School Board Candidate Herman Greene Attended Largely Unmasked Worship Event in August That Drew Thousands

Greene says he went to the event to act as a peacekeeping mediator when he heard from disgruntled community members that a singer was coming to Portland to hold a “unity” event on the waterfront.

Herman Greene at an event on the waterfront Aug. 8 Herman Greene at an event on the waterfront Aug. 8 (@oregonians4usa)

Herman Greene, a candidate for a seat on the Portland Public Schools Board, attended a worship event last Aug. 8 on the Portland waterfront that drew a mostly unmasked crowd of thousands.

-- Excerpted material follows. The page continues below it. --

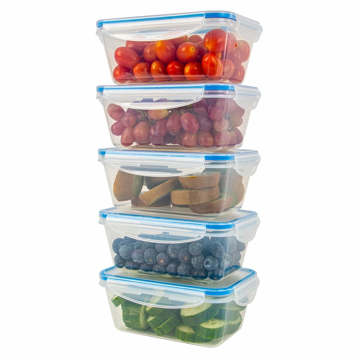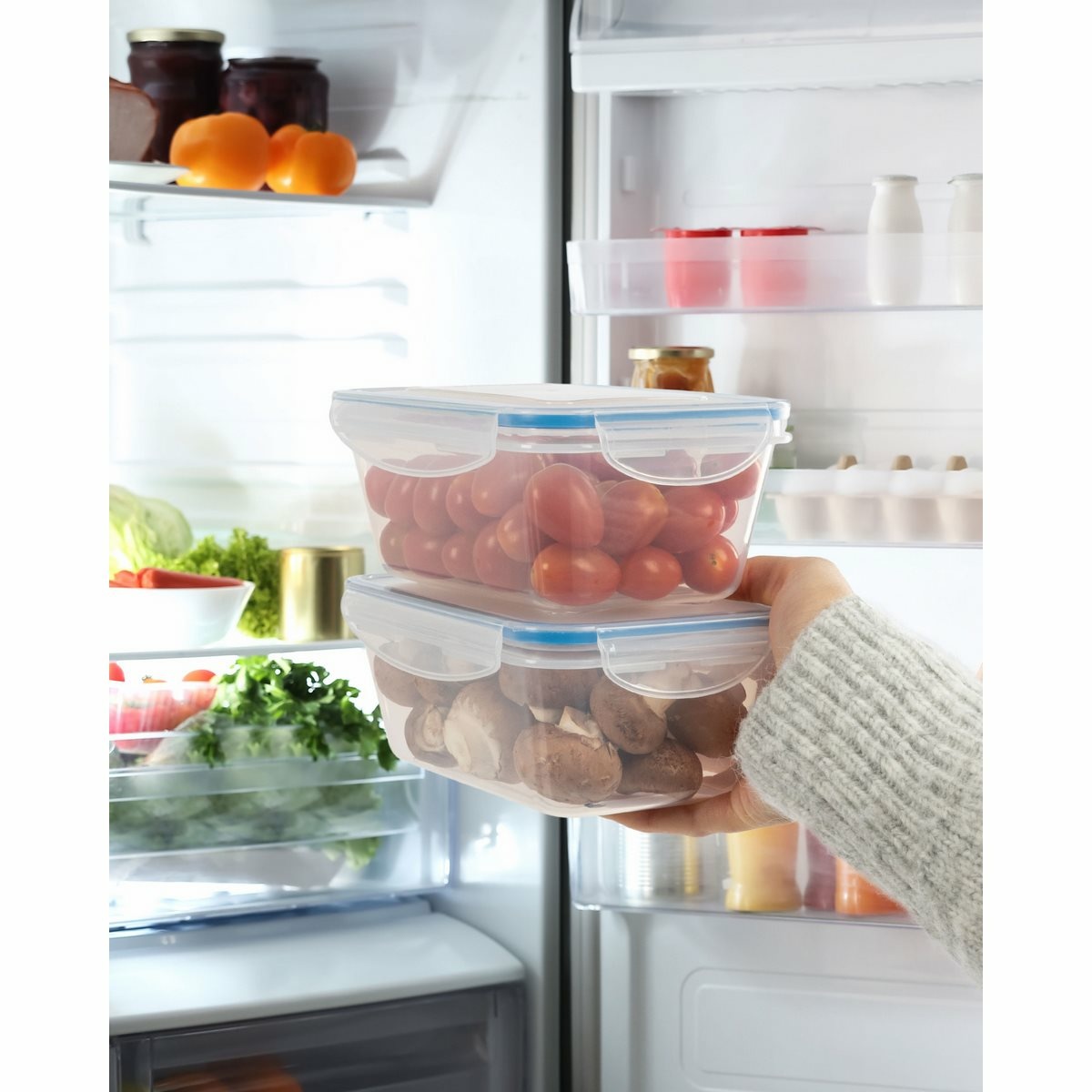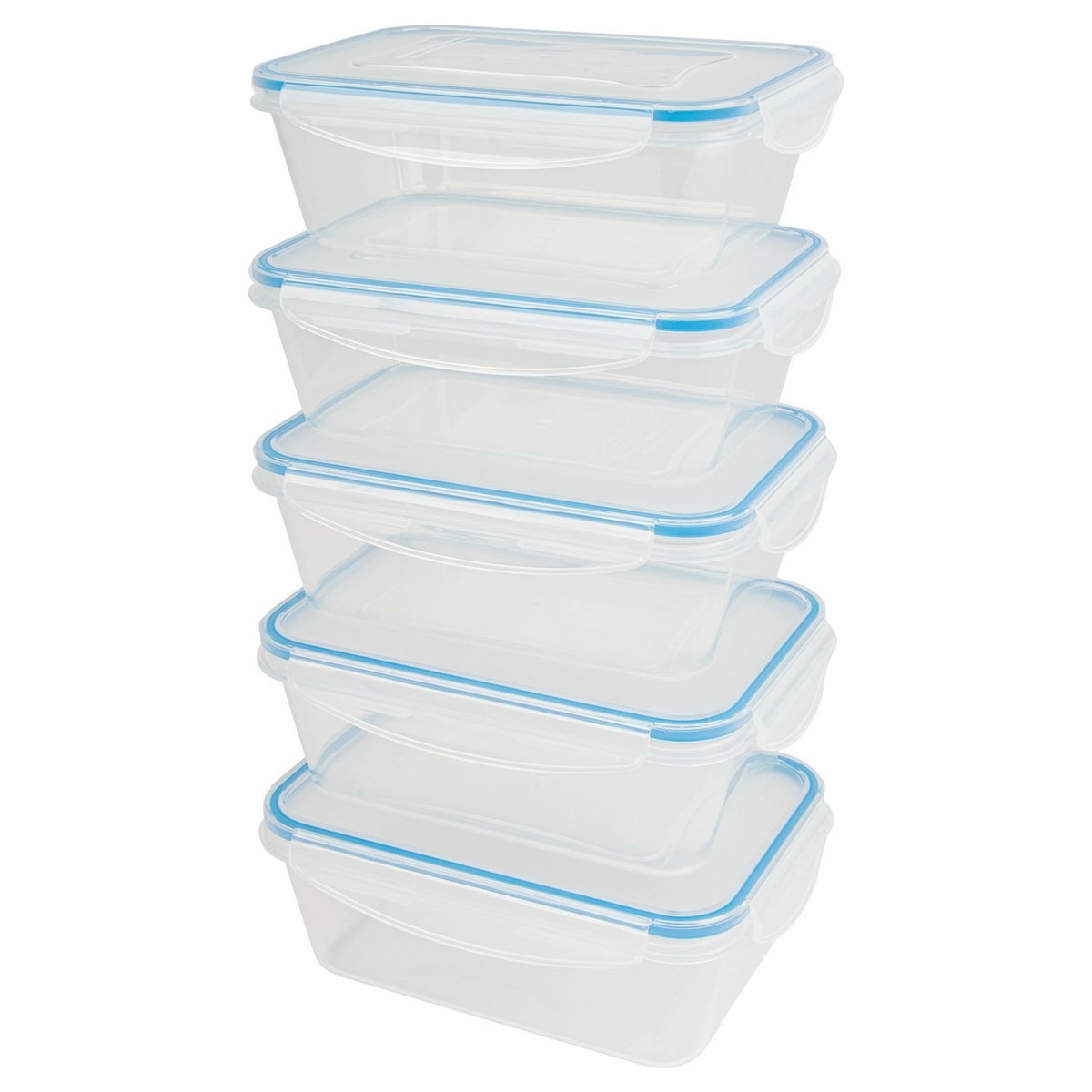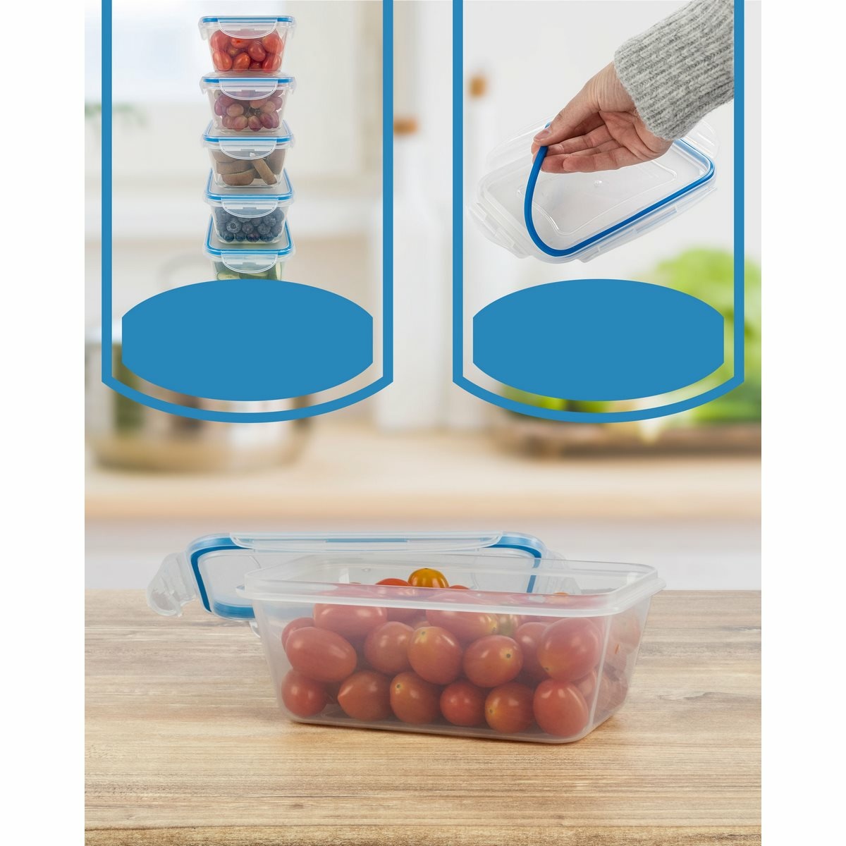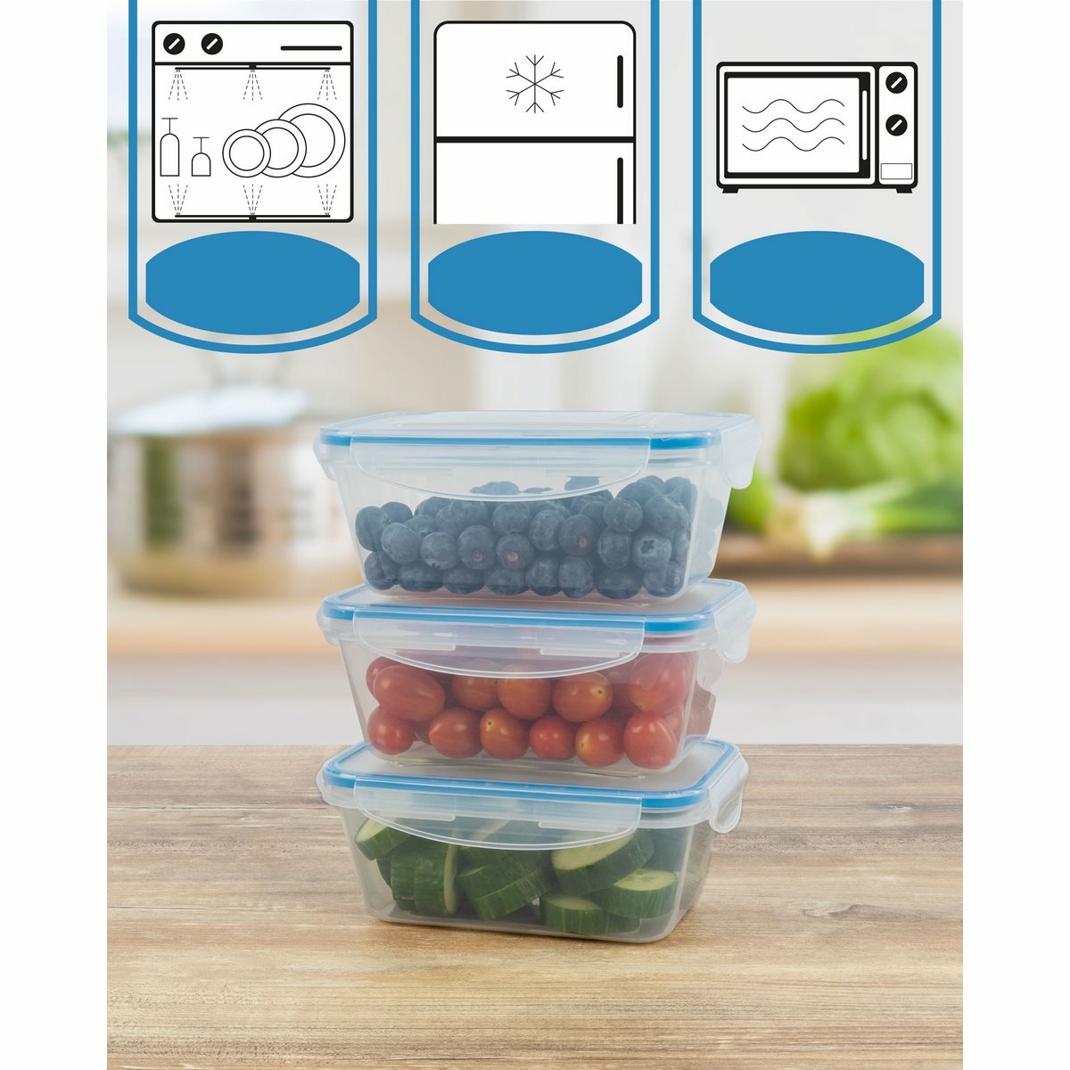 Sada 5 nádob na čerstvé potraviny na všestranné použitie. Ideálne na mrazenie, ohrev, skladovanie a prepravu potravín, ako sú jedlá, omáčky, zelenina, ovocie, vafle a detská výživa.Udržuje 100% tesnosť vďaka praktickému 4-cestnému zapínaniu Click and Safe a vysokej kvalite silikónového tesnenia vo veku. Jednoduchá manipulácia. Dlhotrvajúca sviežosť a aróma. Je možné ich stohovať alebo vkladať do seba, aby sa ušetrilo miesto. BPA free.Teplotná odolnosť od – 40 do + 110 °C.Objem: 5x 1000 ml.Rozmery nádoby: 19,5 x 7,6 x 13 cm.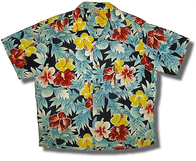 A colorful Pikaki print from the 50s. The five color print is more commonly found on the rayon shirts.

A social media post about the event shared with WW shows Greene standing atop a raised platform with his head bowed, eyes closed and hands raised while his wife, Nike Greene, preaches to the crowd through a standing mic. Greene’s mask is tucked underneath his chin.

Herman and Nike Greene are co-pastors of Abundant Life Church in North Portland. Nike Greene directs the Portland Office of Violence Prevention, which seeks to reduce shootings in the city.

Greene is running to represent Zone 4 on the Portland School District’s board, and he’s expected to win. He has received the endorsement of all incumbent board members, the teachers’ union and dozens of other community activists and groups.

But the photo of him among the leaders of the event defying public health restrictions has raised questions about his judgment days before mail-in ballots are due.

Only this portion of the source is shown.